There probably isn't a distinct need for the lodge to be outlined as an E.C. lodge, however the dispensation is written and granted by the Grand Master, so it is up to him to decide what the language will be.  The only exception that has been needed was to allow us to meet fewer than ten meetings a year.  Currently, this is granted in the dispensation directly and we are exploring a proposed change to the rules and regulations that would allow us to meet at this frequency without exception.


----------



## Traveling Man (Apr 16, 2011)

chtirrell said:


> There probably isn't a distinct need for the lodge to be outlined as an E.C. lodge, however the dispensation is written and granted by the Grand Master, so it is up to him to decide what the language will be.  The only exception that has been needed was to allow us to meet fewer than ten meetings a year.  Currently, this is granted in the dispensation directly and we are exploring a proposed change to the rules and regulations that would allow us to meet at this frequency without exception.
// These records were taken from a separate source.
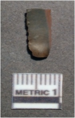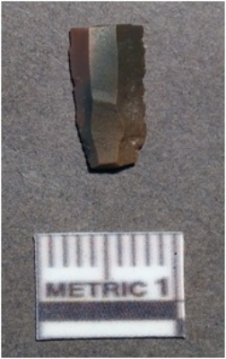 | Description / विवरण | It is a chert blade, the one side is sharp and the other is retouched, the ridges on the dorsal surface is clear, the vendral surface is plain, the striking platform can be seen on the proximal end. It is trapezium in section, the color is greyish brown. |
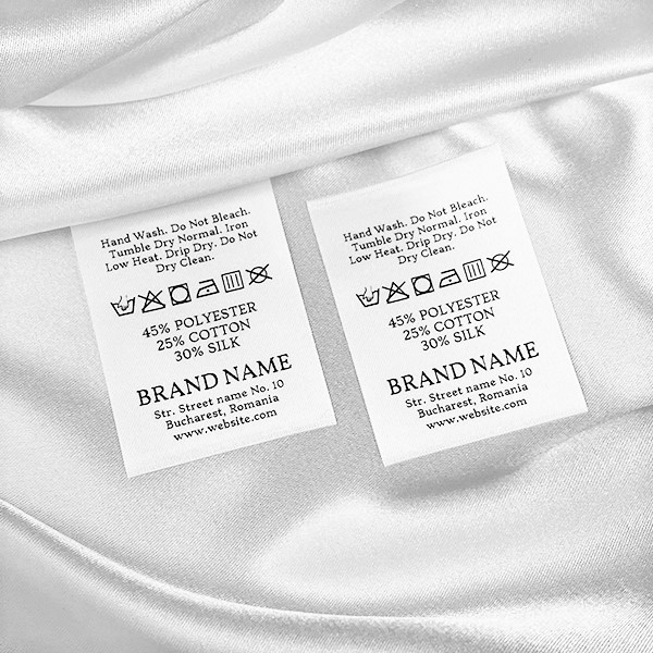 Pyykinhoito lappu, joka on valmistettu hienosta valkoisesta satiinista, mukautettuna valmistajan nimellä ja logolla, pesusymboleilla ja materiaalilla, jota käytetään ompeleen valmistamiseen. Tämän tyyppiset tekstiililaput ovat valmistettuja digitaalisen painamisen alan kehittyneintä tekniikkaa käyttäen, tekstiilitukialustalla. Laput ovat painettuja erityiselle satiinille lämpösiirtomenetelmällä, painolaatu on vaikuttava ja laput kestävät pesun erittäin hyvin.
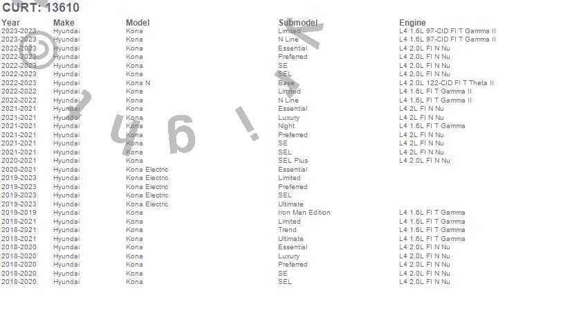 Below is an abbreviated list of applications for the Class III 2 in. Receiver Hitch.Kona, Kona Electric, Kona N, Hyundai, 2023, 2022, 2021, 2020, 2019, 2018

 I certainly hope that affinity lodges identify themselves as such. I would rather seek them out than the typical hum drum we have now with rotating lines, bang out degrees without the candidate knowing who is the "real" Worshipful Master, or having a WM that can't or won't do the work! Maybe now with so many lodges not having enough resources to keep their doors open the idea of a Masonic Centre might take hold. (another foreign concept that works).


----------